Recorded information:
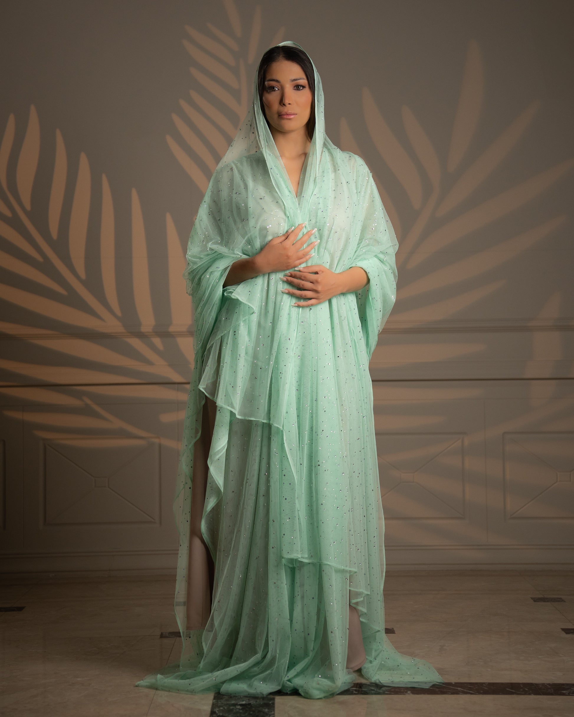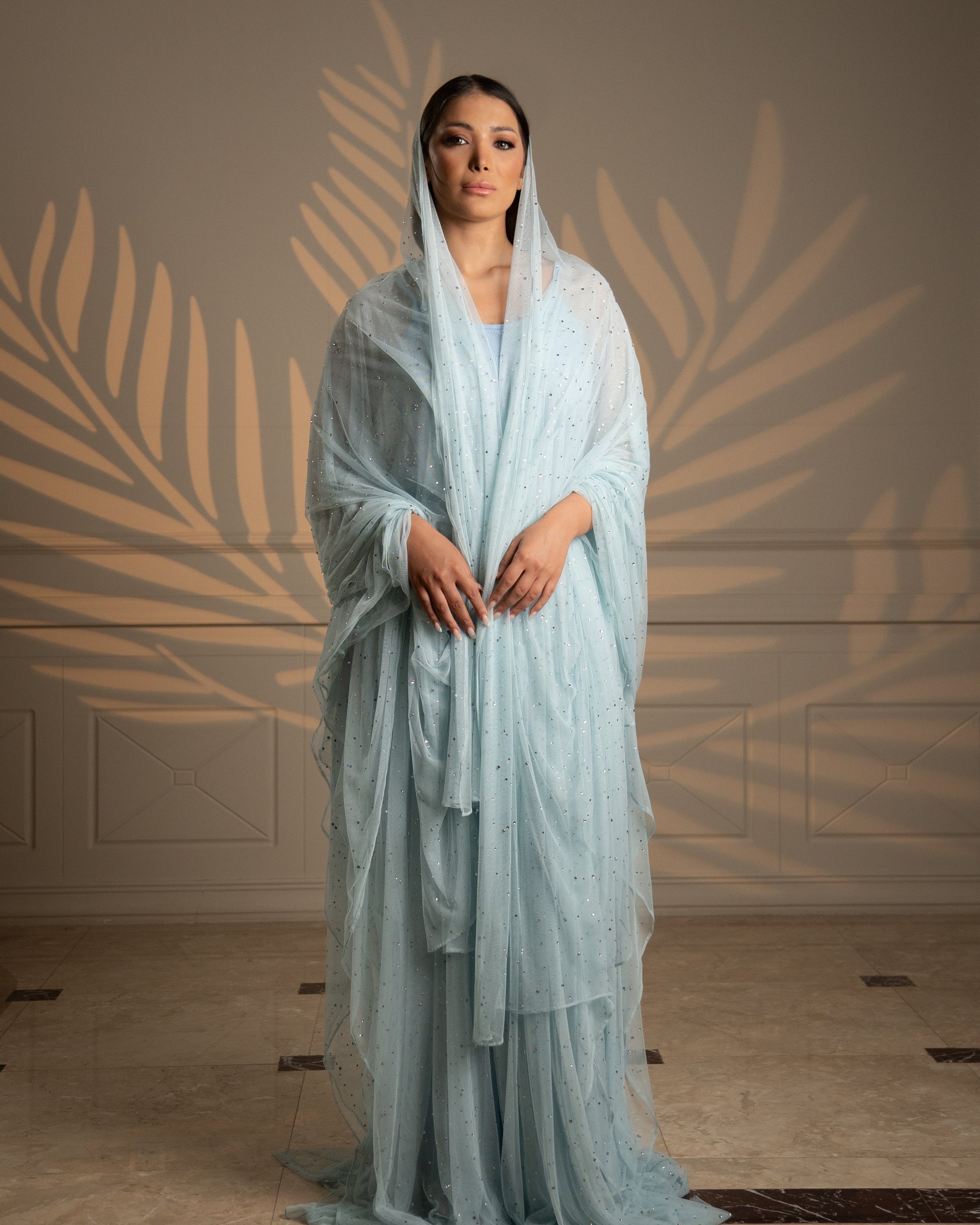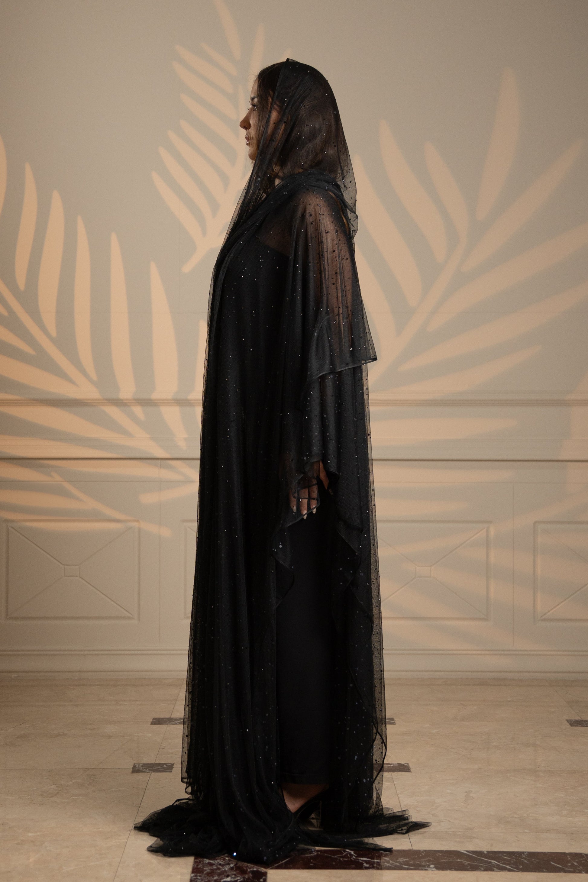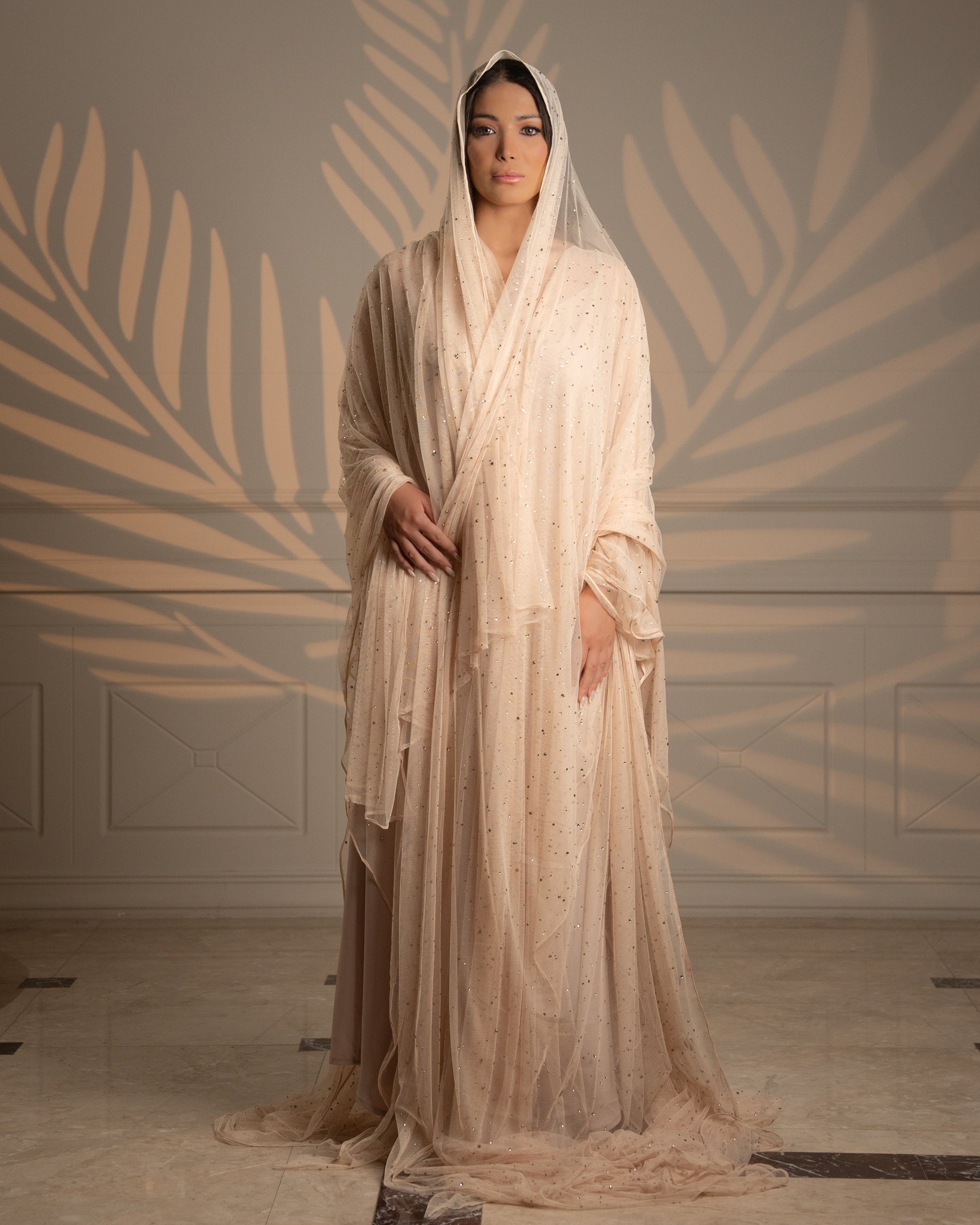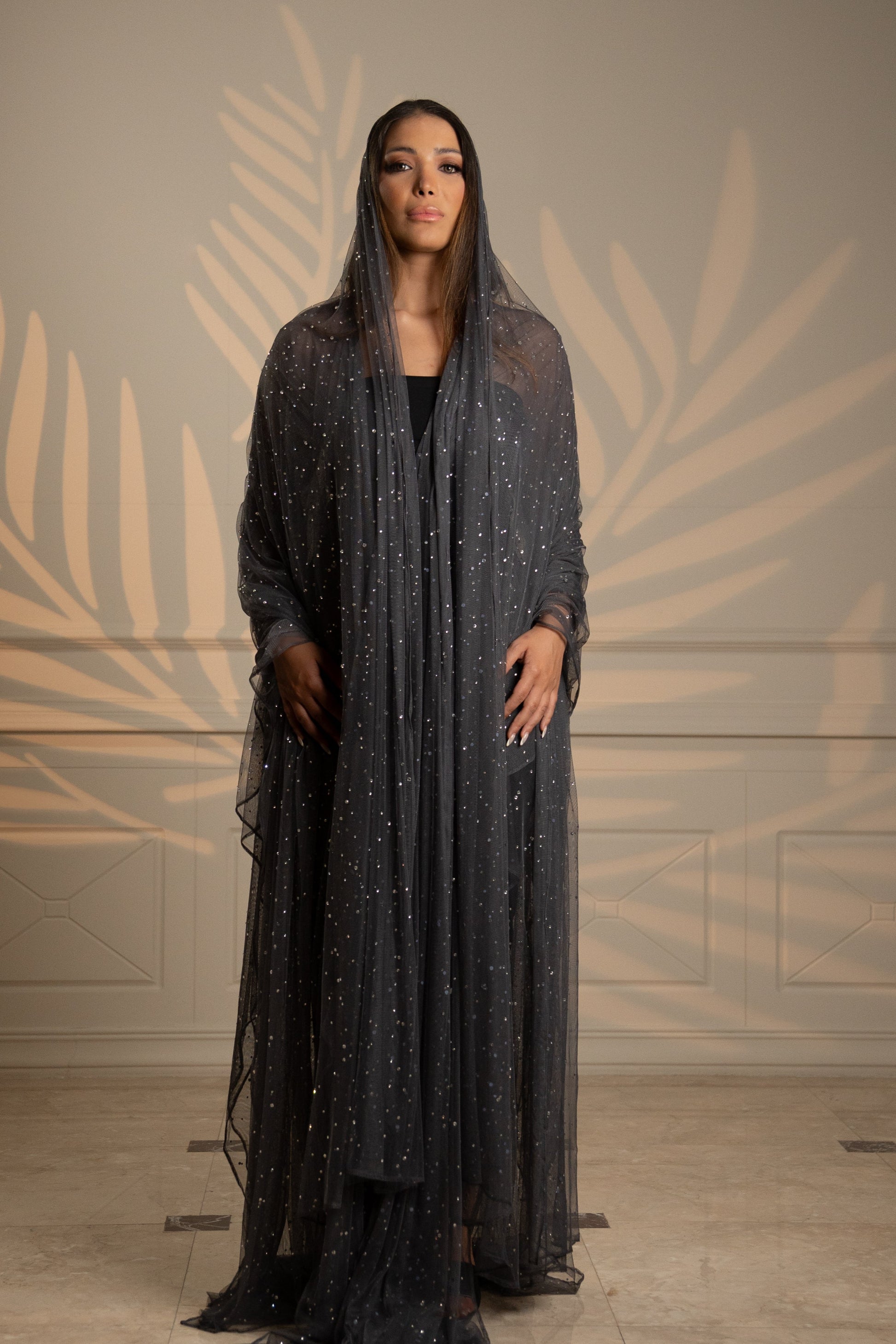 Step into the spotlight with the Starry Whisper II Abaya—a breathtaking masterpiece from the Eternal Grace collection. This flowy, strass-embellished abaya glimmers with hand-sewn crystals, catching the light with every graceful movement. Designed for those who love luxurious glamour, it combines effortless modesty with show-stopping brilliance.
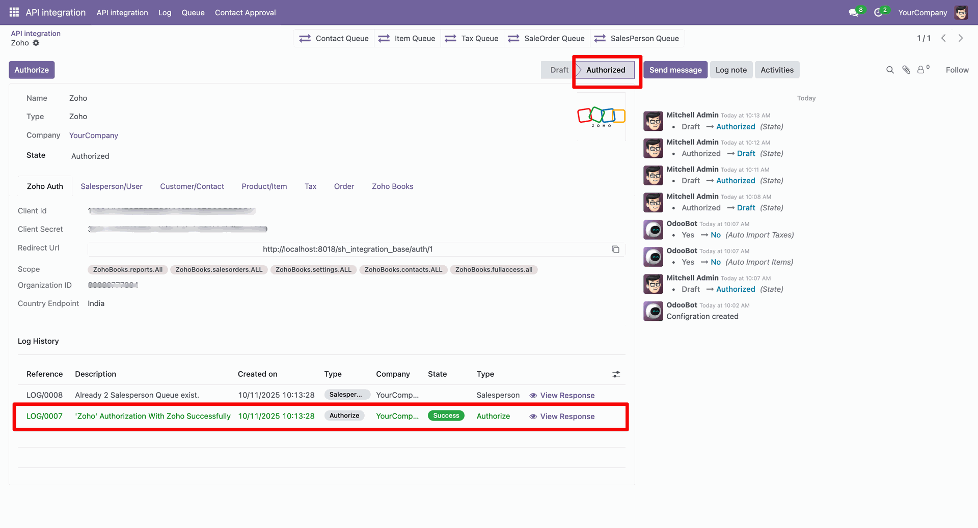 Here, you can see that the stage has changed to "Authorized", and the log history is also visible.
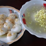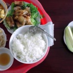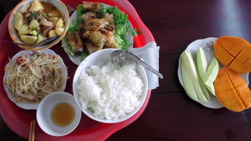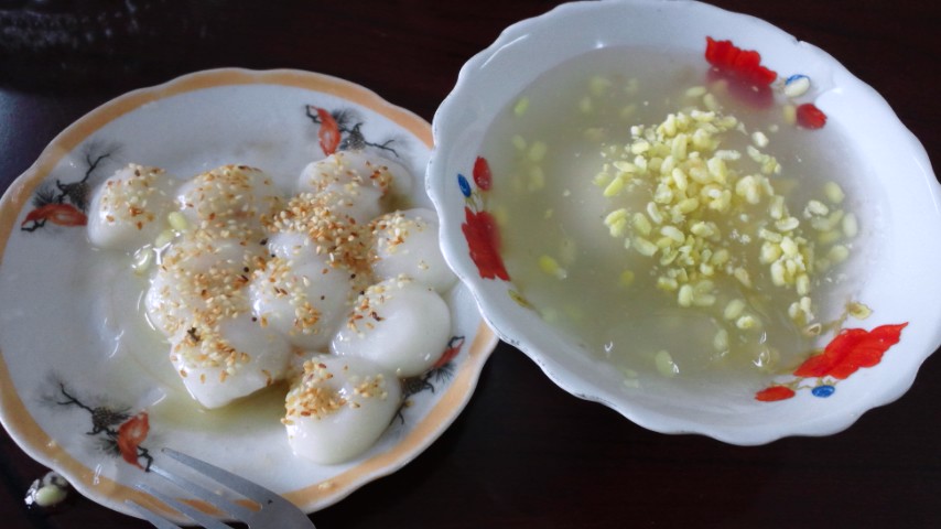 工場ではお昼前にデザートタイムだ。甘い白玉の中に、黒砂糖のあんが入っている。お昼は工場の専属コックが、運んできてくれた。デザートのマンゴーは、トアさんがむいてくれた。
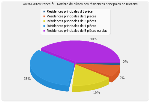 - Nombre de résidences principales de Brezons de cinq pièces et plus : 36
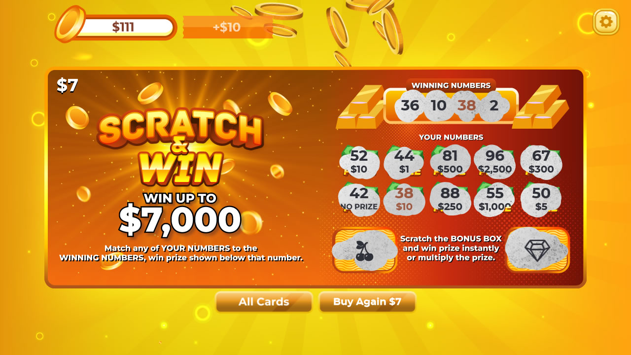 Scratch & Win is a HTML5 game where user given a card which can be revealed by scratching off an opaque covering, select up to 5 different scratch cards including bonus, match 3, winning numbers, every scratch card give chance to win prizes.
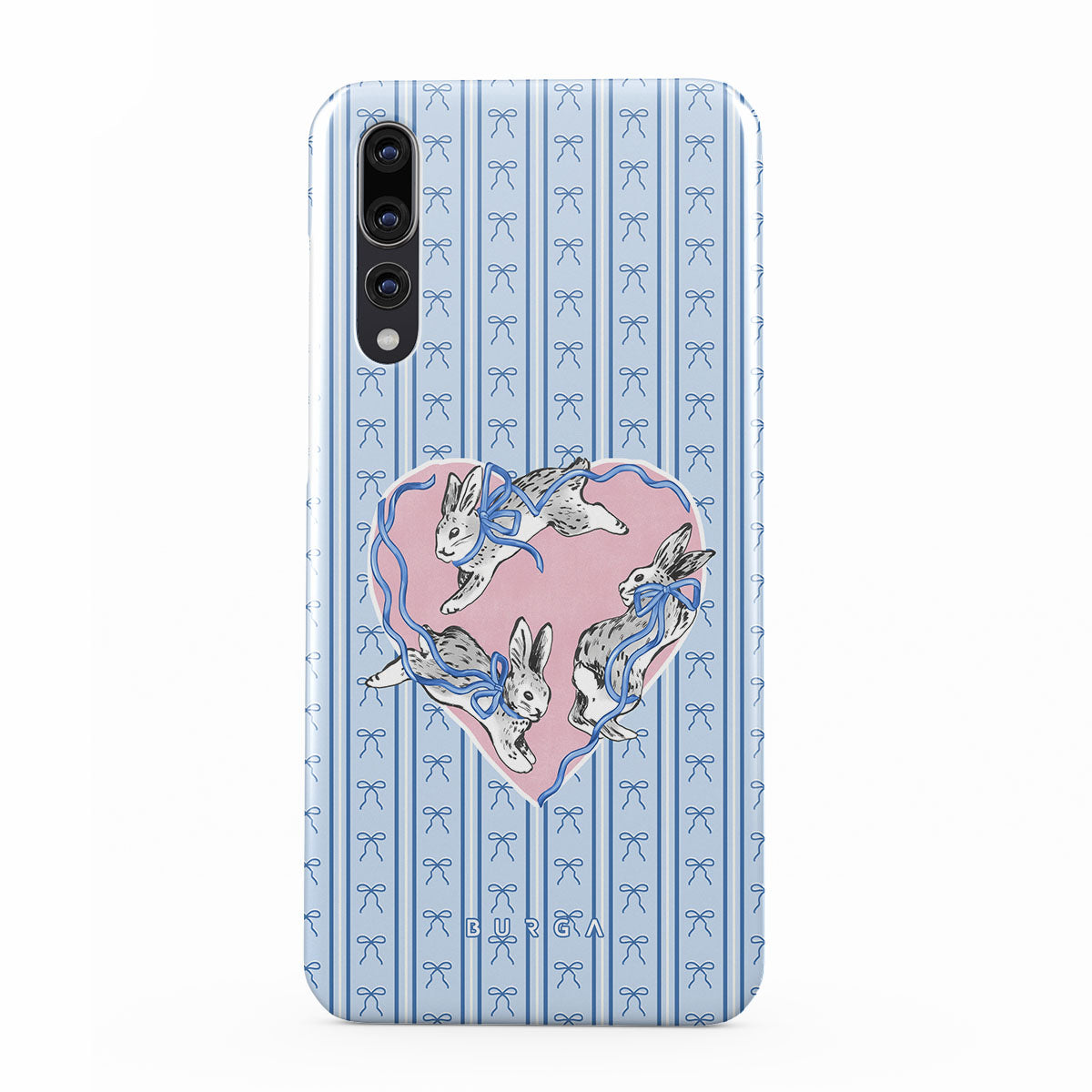 Kenmerken van dit design: witte konijnen, hartenlijst, blauwe strepen
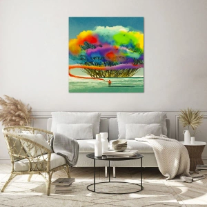 - Táto sklenená tlač s rozmermi 70x50 cm zobrazuje farebnú explóziu dymu obklopujúcu osamelý strom na pozadí modrej oblohy. Ideálna do interiérov hľadajúcich výrazné akcenty a inšpiráciu.
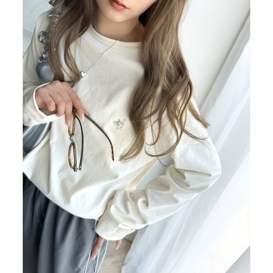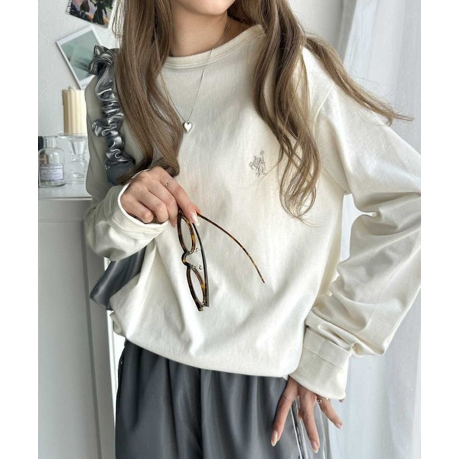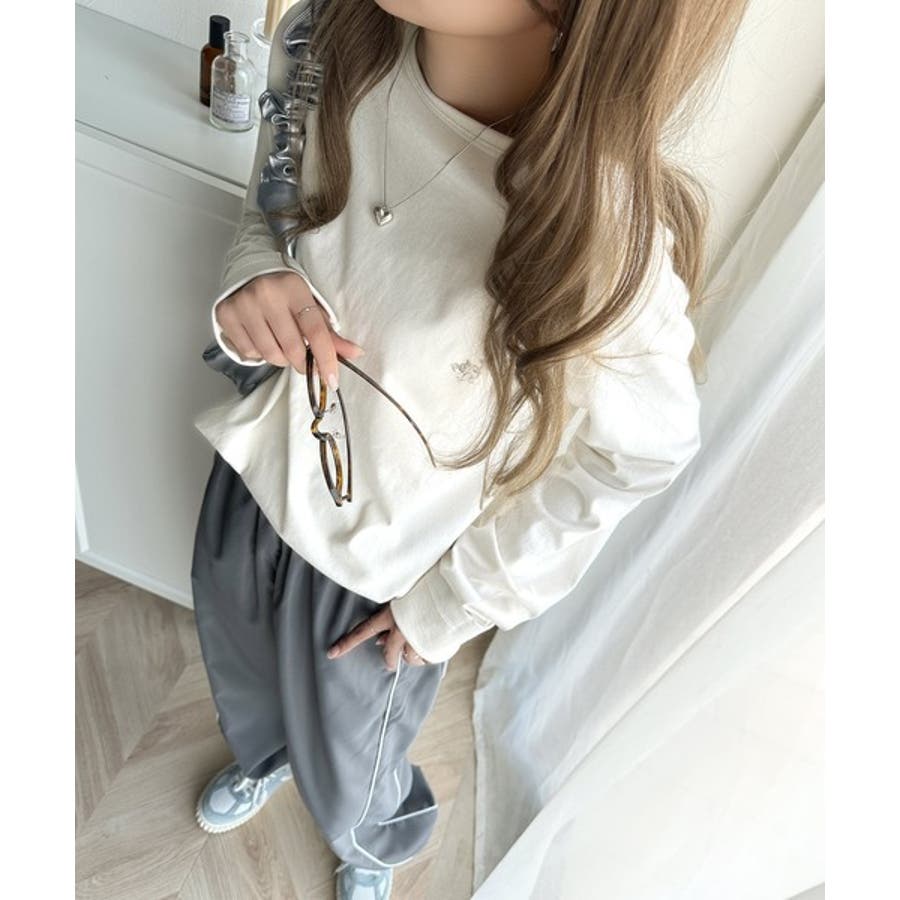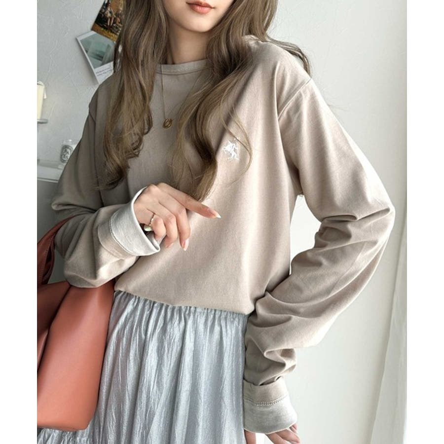 胸に入ったワンポイントのカラー刺繍がアクセントに。

Directions: What is needed is an exact repeat of only the lines from the one containing "Here, you can" through the last line of the listing above, both ends included, without the pictures.

Written response:
 Here, you can see that the stage has changed to "Authorized", and the log history is also visible.
 工場ではお昼前にデザートタイムだ。甘い白玉の中に、黒砂糖のあんが入っている。お昼は工場の専属コックが、運んできてくれた。デザートのマンゴーは、トアさんがむいてくれた。
 - Nombre de résidences principales de Brezons de cinq pièces et plus : 36
 Scratch & Win is a HTML5 game where user given a card which can be revealed by scratching off an opaque covering, select up to 5 different scratch cards including bonus, match 3, winning numbers, every scratch card give chance to win prizes.
 Kenmerken van dit design: witte konijnen, hartenlijst, blauwe strepen
 - Táto sklenená tlač s rozmermi 70x50 cm zobrazuje farebnú explóziu dymu obklopujúcu osamelý strom na pozadí modrej oblohy. Ideálna do interiérov hľadajúcich výrazné akcenty a inšpiráciu.
 胸に入ったワンポイントのカラー刺繍がアクセントに。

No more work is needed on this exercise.